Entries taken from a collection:
--- START ---
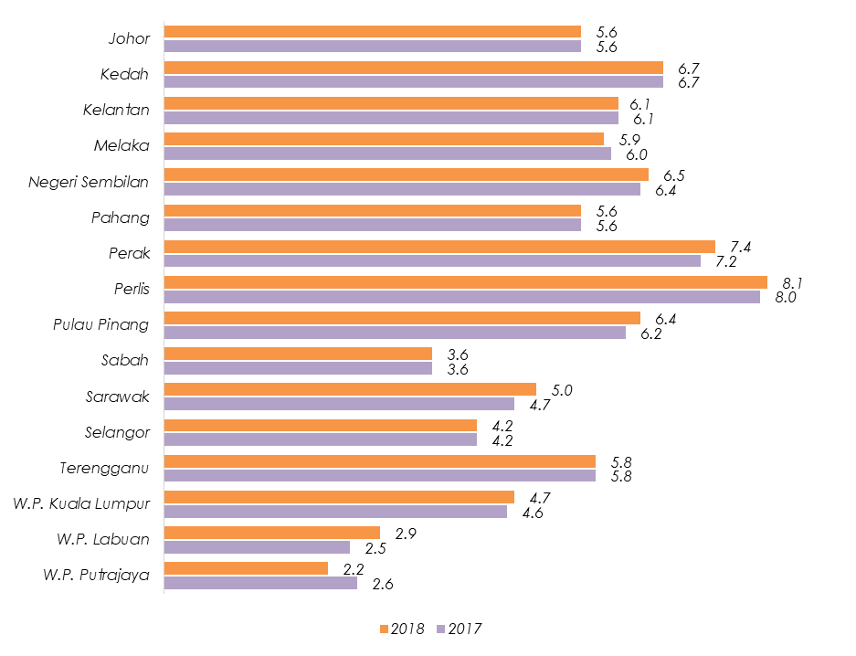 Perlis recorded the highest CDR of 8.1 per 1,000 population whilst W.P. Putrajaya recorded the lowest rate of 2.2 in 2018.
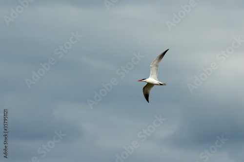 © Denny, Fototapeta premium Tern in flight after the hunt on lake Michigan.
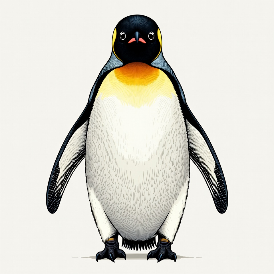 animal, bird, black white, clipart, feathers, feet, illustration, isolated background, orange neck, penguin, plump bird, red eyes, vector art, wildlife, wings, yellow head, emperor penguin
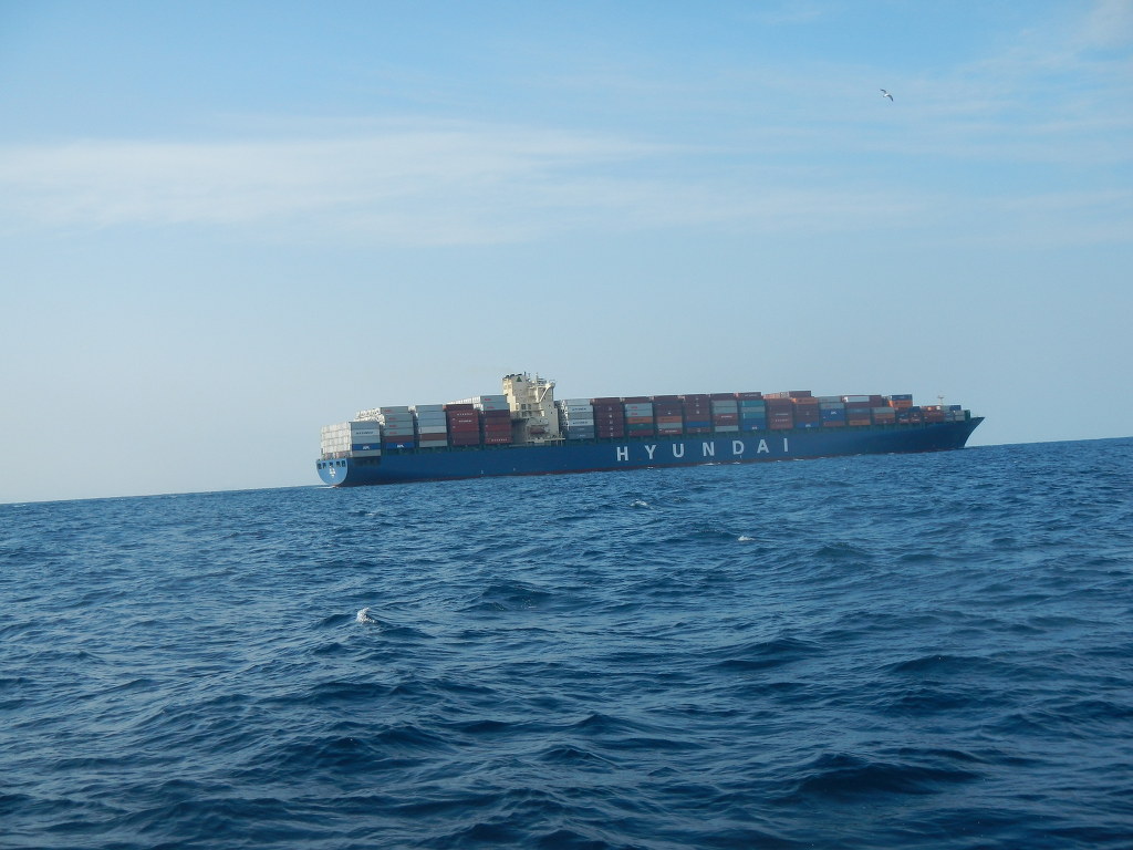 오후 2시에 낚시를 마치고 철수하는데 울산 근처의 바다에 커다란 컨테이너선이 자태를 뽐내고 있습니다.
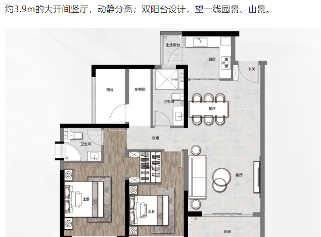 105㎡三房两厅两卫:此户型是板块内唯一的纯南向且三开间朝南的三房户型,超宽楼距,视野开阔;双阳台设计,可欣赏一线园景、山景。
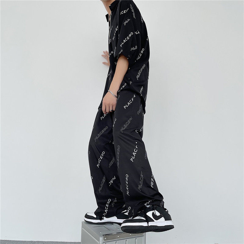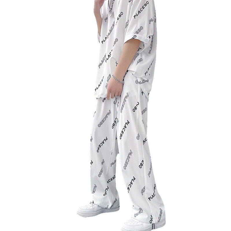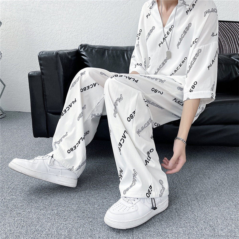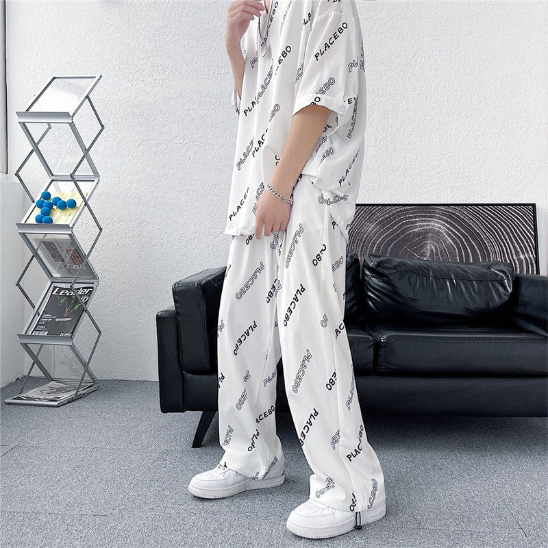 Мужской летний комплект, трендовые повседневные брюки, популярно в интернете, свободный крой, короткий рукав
--- END ---
■ ACTION ITEM ■
Word for word, restate the lines from the one containing "오후 2시에 낚시를 마치고" through the end of the entries. Do not include pictures.

■ SOLVED EXERCISE ■
 오후 2시에 낚시를 마치고 철수하는데 울산 근처의 바다에 커다란 컨테이너선이 자태를 뽐내고 있습니다.
 105㎡三房两厅两卫:此户型是板块内唯一的纯南向且三开间朝南的三房户型,超宽楼距,视野开阔;双阳台设计,可欣赏一线园景、山景。
 Мужской летний комплект, трендовые повседневные брюки, популярно в интернете, свободный крой, короткий рукав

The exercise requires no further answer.